The Occitan cross probably first appears in the coat of arms of the counts of Forcalquier and then during the reign of Raymond V, count of Toulouse, as a particular description of his official seal dated from 1165 corroborates.
It soon spreads across the whole south-western part of today's France and is even spotted in various towns up north throughout the 12th century. Several interpretations have been proposed for the cross, often stressing the symbolic side of it and leaving aside the fact that "heraldry is not a science of symbols, but one of emblems" (M. Pastoureau).

In 1950, Henri Rolland suggested that the origin of the Occitan cross be traced back to the marquisate of Provence, north of the Durance, more precisely the town of Venasque.

In 1966, in the L'Auta review, Roger Camboulives voices his idea that the Occitan cross derives from a sun cross and perhaps the Nestorian cross found in China's Turkestan.
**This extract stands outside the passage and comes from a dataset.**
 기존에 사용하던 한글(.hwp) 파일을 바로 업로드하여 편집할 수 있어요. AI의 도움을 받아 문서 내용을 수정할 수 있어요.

It would have arrived in Toulouse via northern Italy and Provence, probably sometime in the 10th century. Camboulives in 1980 again emphasizes the role played by the Visigoths in the presence of small spheres at the end of the arms of the cross: they could represent the twelve houses of the zodiac.

In 1986, Jean-Yves Royer (in Le Pays de Forcalquier) claims that the cross was originally from Provence but admits that Henri Rolland's theory was flawed and built around wrong dates. Royer concludes that Rolland possibly mistook the Occitan cross with that of Forcalquier.
He draws evidence most notably from two crosses carved in the lid of a sarcophagus found in the small Alpes-de-Haute-Provence commune of Ganagobie.
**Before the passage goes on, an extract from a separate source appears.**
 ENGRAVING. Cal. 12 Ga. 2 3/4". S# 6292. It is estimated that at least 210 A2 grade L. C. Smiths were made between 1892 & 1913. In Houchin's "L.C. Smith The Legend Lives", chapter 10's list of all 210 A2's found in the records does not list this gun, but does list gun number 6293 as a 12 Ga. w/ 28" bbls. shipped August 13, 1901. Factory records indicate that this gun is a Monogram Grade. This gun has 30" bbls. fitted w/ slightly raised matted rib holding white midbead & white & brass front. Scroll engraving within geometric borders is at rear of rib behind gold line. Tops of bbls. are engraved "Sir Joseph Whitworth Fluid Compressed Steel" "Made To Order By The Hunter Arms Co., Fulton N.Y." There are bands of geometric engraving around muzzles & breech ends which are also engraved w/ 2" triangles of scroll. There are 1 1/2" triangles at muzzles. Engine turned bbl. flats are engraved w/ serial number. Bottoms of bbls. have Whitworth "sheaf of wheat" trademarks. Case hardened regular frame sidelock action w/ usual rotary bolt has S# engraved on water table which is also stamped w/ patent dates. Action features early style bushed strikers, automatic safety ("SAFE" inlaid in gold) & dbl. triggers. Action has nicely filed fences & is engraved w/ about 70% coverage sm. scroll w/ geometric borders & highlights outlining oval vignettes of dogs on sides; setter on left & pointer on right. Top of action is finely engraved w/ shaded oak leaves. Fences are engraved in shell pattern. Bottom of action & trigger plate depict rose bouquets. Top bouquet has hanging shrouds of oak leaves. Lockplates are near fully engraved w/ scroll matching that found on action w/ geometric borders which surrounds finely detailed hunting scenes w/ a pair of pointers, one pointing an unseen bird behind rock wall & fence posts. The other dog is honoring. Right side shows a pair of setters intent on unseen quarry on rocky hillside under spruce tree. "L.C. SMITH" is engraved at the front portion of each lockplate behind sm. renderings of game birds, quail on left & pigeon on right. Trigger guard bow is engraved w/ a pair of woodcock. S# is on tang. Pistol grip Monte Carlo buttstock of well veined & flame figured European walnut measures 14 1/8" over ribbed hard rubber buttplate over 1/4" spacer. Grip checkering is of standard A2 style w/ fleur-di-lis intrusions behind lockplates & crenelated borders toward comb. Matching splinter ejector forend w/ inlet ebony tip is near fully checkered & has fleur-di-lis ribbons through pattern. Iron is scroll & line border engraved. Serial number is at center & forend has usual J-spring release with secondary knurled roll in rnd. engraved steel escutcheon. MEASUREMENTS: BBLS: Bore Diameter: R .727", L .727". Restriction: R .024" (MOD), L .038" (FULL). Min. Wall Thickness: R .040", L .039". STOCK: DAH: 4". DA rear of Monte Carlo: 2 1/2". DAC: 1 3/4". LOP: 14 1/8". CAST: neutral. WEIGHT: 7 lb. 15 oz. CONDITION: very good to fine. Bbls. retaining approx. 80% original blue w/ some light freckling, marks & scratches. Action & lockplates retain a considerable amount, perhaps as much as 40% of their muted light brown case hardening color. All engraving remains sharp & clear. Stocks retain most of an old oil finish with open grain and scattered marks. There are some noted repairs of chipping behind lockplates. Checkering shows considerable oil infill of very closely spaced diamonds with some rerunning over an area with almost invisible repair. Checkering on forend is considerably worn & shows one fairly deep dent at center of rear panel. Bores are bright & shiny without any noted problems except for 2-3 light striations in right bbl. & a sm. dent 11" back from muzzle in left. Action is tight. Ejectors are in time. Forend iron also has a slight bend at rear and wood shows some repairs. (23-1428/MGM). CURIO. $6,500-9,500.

Air Toulouse adopted the Occitan cross as trademark until the mid-1990s.

Pierre Saliès in 1994 once again maintains that the cross is from Toulouse and is the fruit of successive local evolutions, possibly from the Jerusalem cross.
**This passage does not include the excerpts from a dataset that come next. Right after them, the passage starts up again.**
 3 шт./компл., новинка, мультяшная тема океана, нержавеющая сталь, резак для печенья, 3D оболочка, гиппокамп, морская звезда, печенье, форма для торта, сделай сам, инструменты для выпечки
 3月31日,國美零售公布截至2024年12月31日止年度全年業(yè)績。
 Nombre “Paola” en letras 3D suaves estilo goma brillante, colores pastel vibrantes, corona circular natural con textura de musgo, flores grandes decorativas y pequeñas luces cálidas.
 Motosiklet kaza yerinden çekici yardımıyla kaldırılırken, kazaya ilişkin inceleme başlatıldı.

Two years after, in L'Auta (#612), Jean Rocacher confirms that the Occitan cross "is first the own emblem of the old county of Venasque, later torn between the houses of Toulouse and Forcalquier."

In 2000, Laurent Macé (in Les Comtes de Toulouse et leur entourage) claims that the Occitan cross became the counts' emblem after Raymond IV took part in the First Crusade. It would originate from Constantinople.
Macé indicates that its pattern was first found in the Byzantine area and spread across Western Europe through Italy and Provence. The crosses of Venasque and Forcalquier would thus share the same origin, though one was not inspired by the other.

Later in the same year, Bertran de la Farge (in La Croix occitane) locates the original Occitan cross somewhere in the marquisate of Provence, probably Venasque. He argues it could be a mixture of the Constantinople cross and the Coptic cross, which was brought to Provence by monks and maybe also through Saint Maurice.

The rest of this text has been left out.